- Recent NHS England data show that A&E visits in April 2020 were 57% lower than in April 2019 and were the lowest monthly number since records began in 2010. This chart explores how COVID-19 is changing use of emergency care on a regional level.
- Falls in visits to A&E in March and April 2020 were very similar across regions. There were bigger falls in April, the first full month of the lockdown, than in March. The fall was also always greater in minor units than major units. Reductions were slightly larger in London than other regions.
- There is more variation in reductions in emergency admissions through major A&E units. In March, there were larger percentage falls in admissions in London (30%) relative to the rest of the country (18-22%). In April, London again saw the largest fall in admissions (45%). Another five regions had falls of between 34% and 40%, with the North West an outlier, seeing a reduction of just 28%.
How is the changing use of emergency care playing out at a regional level?
The changes in A&E visits during the early stages of the COVID-19 pandemic were similar across all regions, despite differences in the timing and infection rates.
The number of A&E visits fell in both March and April relative to the same month in 2019. Falls were greater in April than in March, which is to be expected as the lockdown only started midway through March. The percentage reduction in visits is always larger for minor units than major units. This is consistent with patients with less severe conditions being directed towards other services, such as NHS 111, GPs or pharmacies, or not seeking medical help at all.
Are there any differences emerging between regions?
The percentage fall in A&E visits was slightly larger in London than in other regions, in both March and April.
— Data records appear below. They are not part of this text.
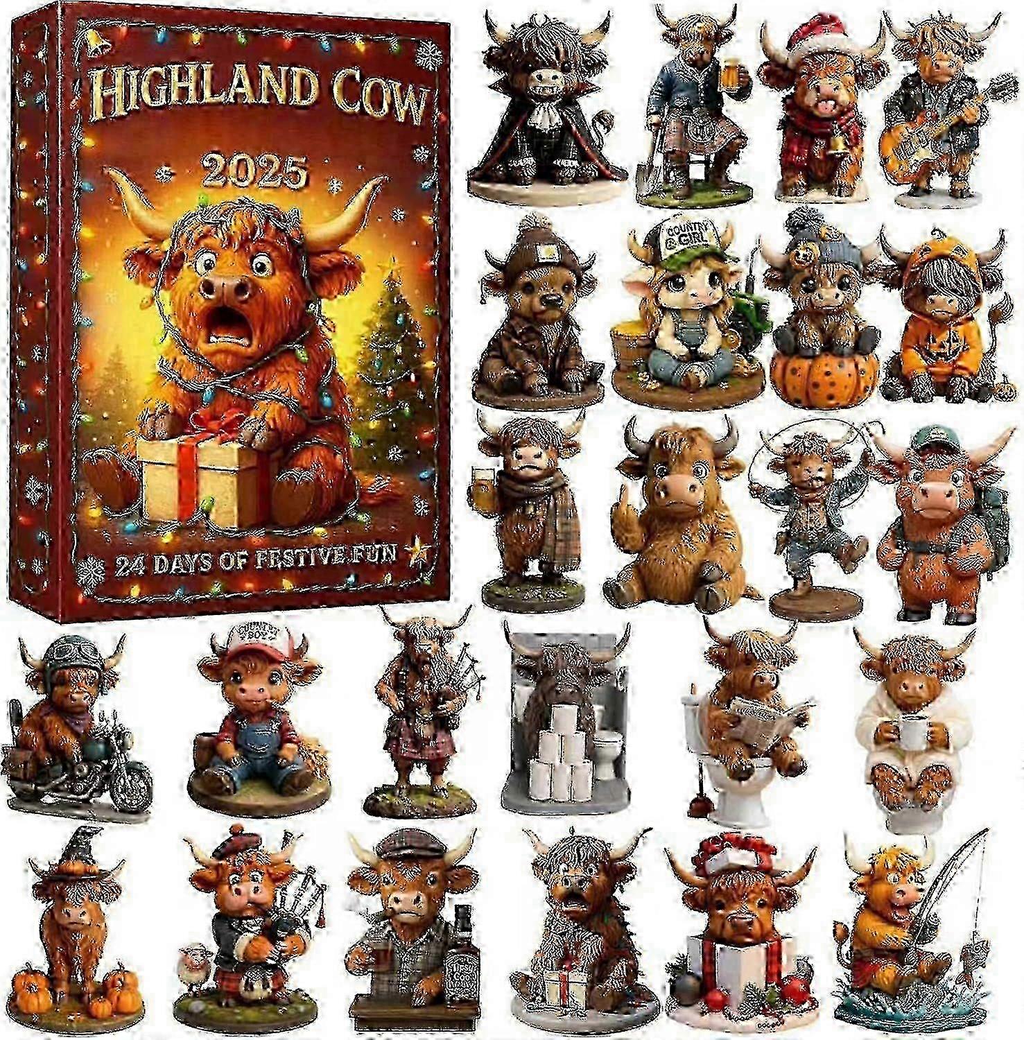 2025 Highland Cow Advent Countdown Calendar, 24-day Christmas Countdown Calendar, Comes With 24 Different 3D Miniature Highland Cow Decorati
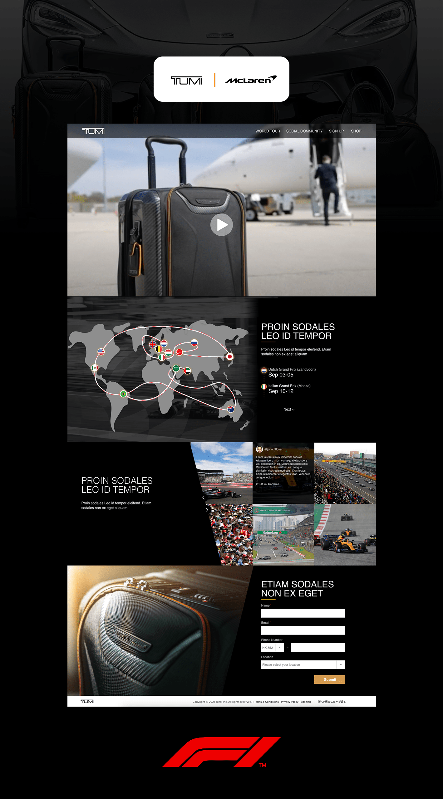 I designed a high-impact campaign landing page for the TUMI × McLaren Formula 1 2020 collaboration, aimed at showcasing the partnership’s performance-driven luggage collection. The page focused on translating the shared DNA of both brands—precision, speed, and engineering excellence—into a bold digital experience.
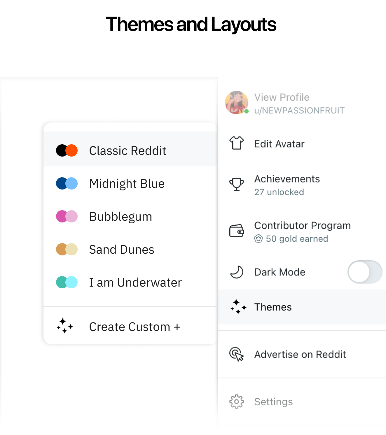 With Reddit Pro, transform your experience by customizing themes, layouts, and fonts. Tailor your homepage, curate your feed, and design your profile with unique visuals and even background music, making Reddit truly yours.
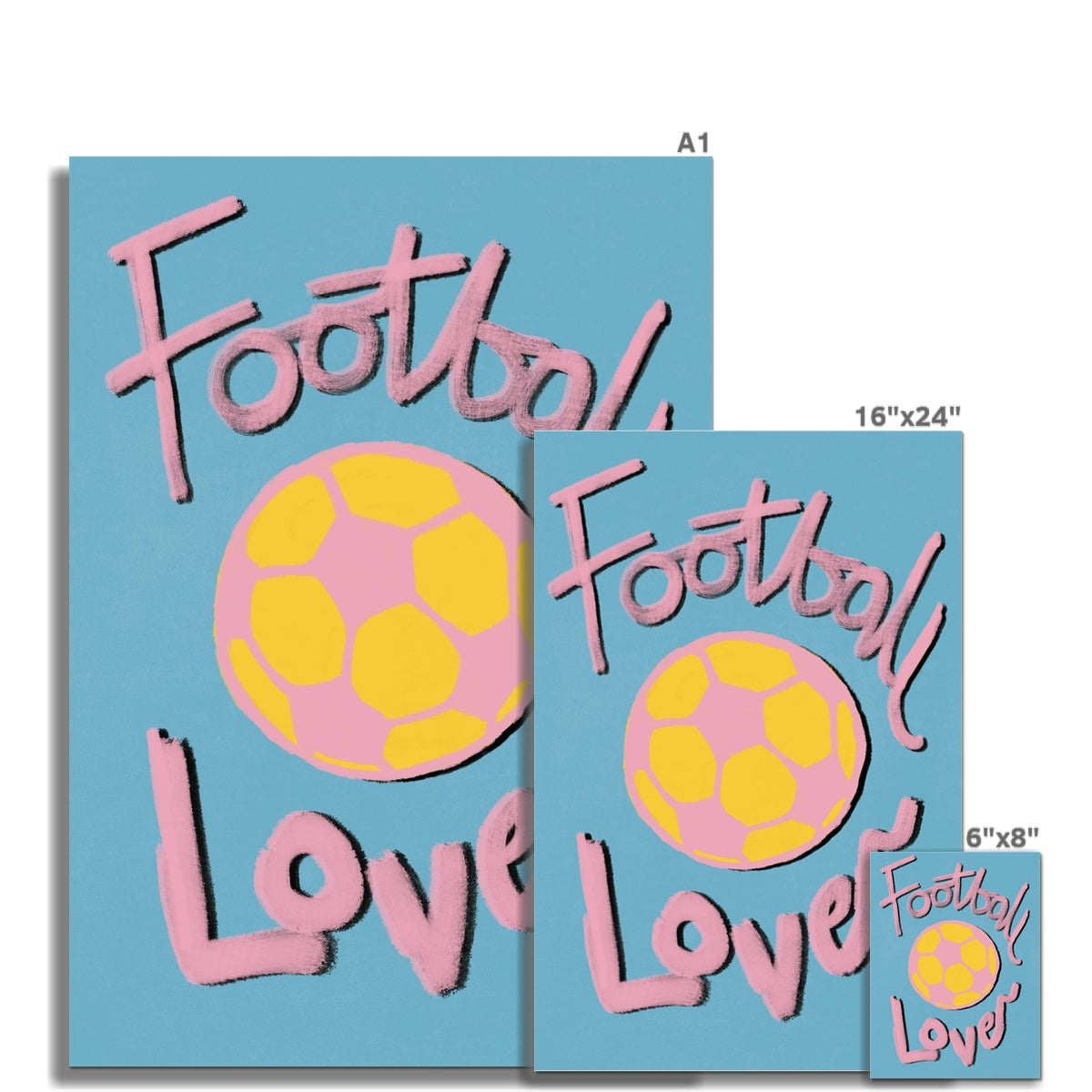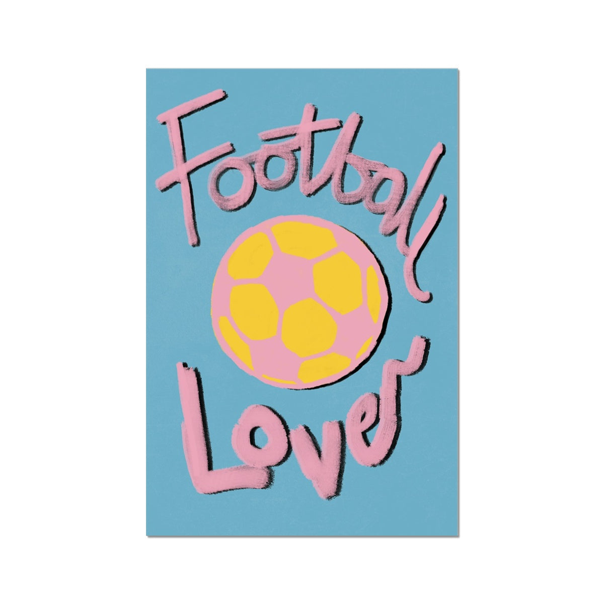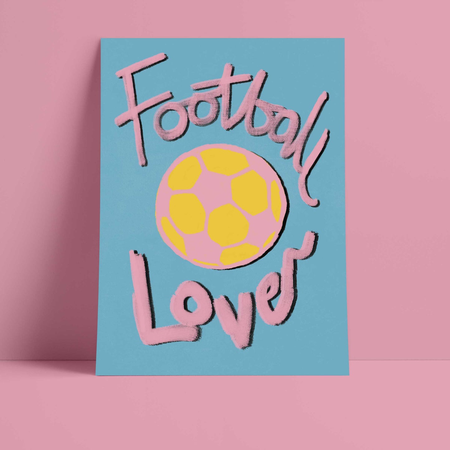 Our art print has the words 'football lover', hand lettered in a gouche painted style in pink and black, a bright pink and yellow football illustration with a blue textured background. It is digitally printed by professional printers who are specialists in Giclée fine art printing.

London was badly hit at the start of the pandemic, but the overall pattern by region is not strongly related to the spread of COVID-19. For example, there was a 26.5% reduction in major A&E visits in the Midlands during March, where early infection rates were high, but a similar 27% fall in the South West where initial infection rates were low.
In all cases, the percentage fall in emergency admissions through major A&E units was smaller than the drop in the number of visits. However, there is more regional variation in how the number of emergency admissions has changed. In March, admissions fell by 30% in London, while in all other regions the falls ranged from 18–22%. In April, emergency admission through major A&E units in London fell by 45%. Five regions had reductions of between 34–40%. The North West was an outlier, with a reduction of just 28%. This compares to a fall of 35% in the South East, which had similar percentage fall in major A&E visits.
It is important to note that the change in emergency admissions through A&E will depend on the patients that arrive in A&E, and the decisions of clinicians about whether they should be admitted. The local prevalence of COVID-19 may affect how many patients who may have COVID-19 arrive at A&E. It may also affect decisions about whether to admit patients. Clinicians must balance the need of A&E patients to receive inpatient care, with the risk that the patient could catch COVID-19 in hospital. There may also be additional concerns about the capacity of the hospital to treat both current and future COVID-19 patients.
These charts explore the regional breakdown in England of A&E visits and emergency admissions via major A&E units. In the coming weeks we will publish further analysis exploring the regional picture for ambulance incidents.